GenAI service logs may retain data. Sending PHI violates HIPAA/GDPR regardless of Oracle BAA status.

❌ NEVER trust GenAI output without validation in critical systems

Hallucination rate: 5-15% for factual queries, higher for medical/legal
Always route AI-suggested content to human review queue before acting on it

❌ NEVER exceed token limits silently

command-r-plus: 128k context (input + output combined)
command-r: 4k context
Exceeding limit: request truncated silently OR fails with 400 error

❌ NEVER call GenAI without rate limit handling — 429s are common and predictable; see backoff pattern below

❌ NEVER use GenAI for deterministic tasks

Wrong: "Extract invoice total from OCR text" → use regex/structured parsing
Wrong: "Validate email format" → use validation library
Right: "Summarize patient history", "Generate narrative report"

Model Selection

Model	Context	Input Cost/1M	Output Cost/1M	Use For
command-r-plus	128k	~$15	~$75	Complex reasoning, long docs, RAG
command-r	4k	~$1.50	~$7.50	Chat, short prompts, high volume
embed-english-v3	512	~$0.10	N/A	Semantic search (1000x cheaper than generation)
llama-2-70b	4k	~$2	~$10	Cost-effective, open weights

Decision rule: Start with command-r for everything. Upgrade to command-r-plus only when reasoning quality is demonstrably insufficient.

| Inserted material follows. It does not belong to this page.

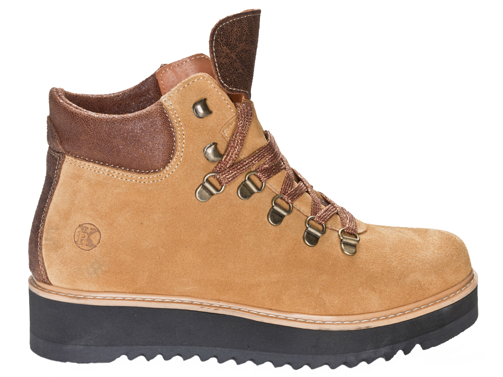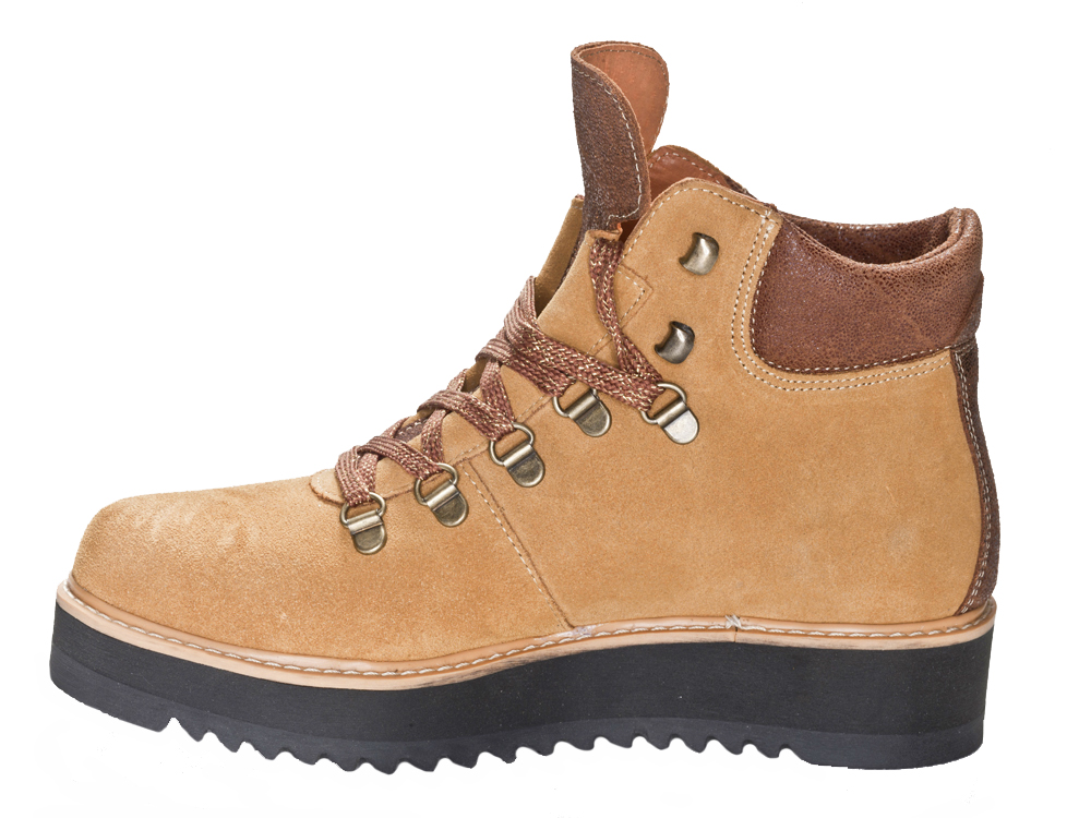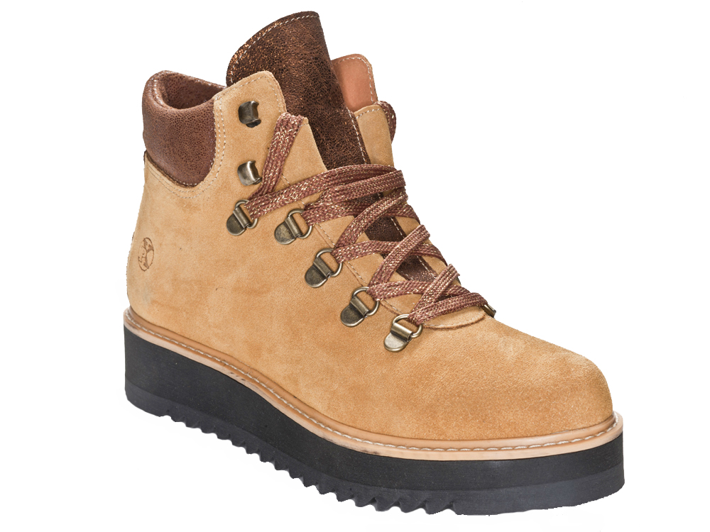 Der Maggie 01 ist ein Schnürrer mit einem Look vom femininen Wanderschuh. Es ist ein Schnürrschuh aus Velourleder mit dicker, robuster Sohle.

Cost optimization: Use embeddings for retrieval/search before invoking generation — same semantic result at 1000x lower cost.

OCI GenAI Rate Limits (Per Compartment)

Model	Requests/Min	Requests/Day
command-r-plus	20	1,000
command-r	60	3,000
Embeddings	100	10,000

Rate Limit Backoff Pattern

import time, random
from oci.exceptions import ServiceError

def generate_with_backoff(genai_client, request, max_retries=5):
    for attempt in range(max_retries):
        try:
            response = genai_client.chat(request)
            return response.data.chat_response.text
        except ServiceError as e:
            if e.status == 429 and attempt < max_retries - 1:
                wait = (2 ** attempt) + random.uniform(0, 1)  # 1s, 2s, 4s, 8s, 16s
                time.sleep(wait)
            elif e.status == 400:
                if "token" in e.message.lower():
                    raise ValueError("Token limit exceeded — truncate input")
                raise
            else:
                raise

Token Truncation

def truncate_for_model(text: str, model: str = "command-r-plus", max_output: int = 2000) -> str:
    limits = {"command-r-plus": 128000, "command-r": 4000}
    max_input_tokens = limits.get(model, 2000) - max_output
    max_chars = max_input_tokens * 4  # ~4 chars per token

    if len(text) <= max_chars:
        return text
    return "...[earlier content truncated]...\n" + text[-max_chars:]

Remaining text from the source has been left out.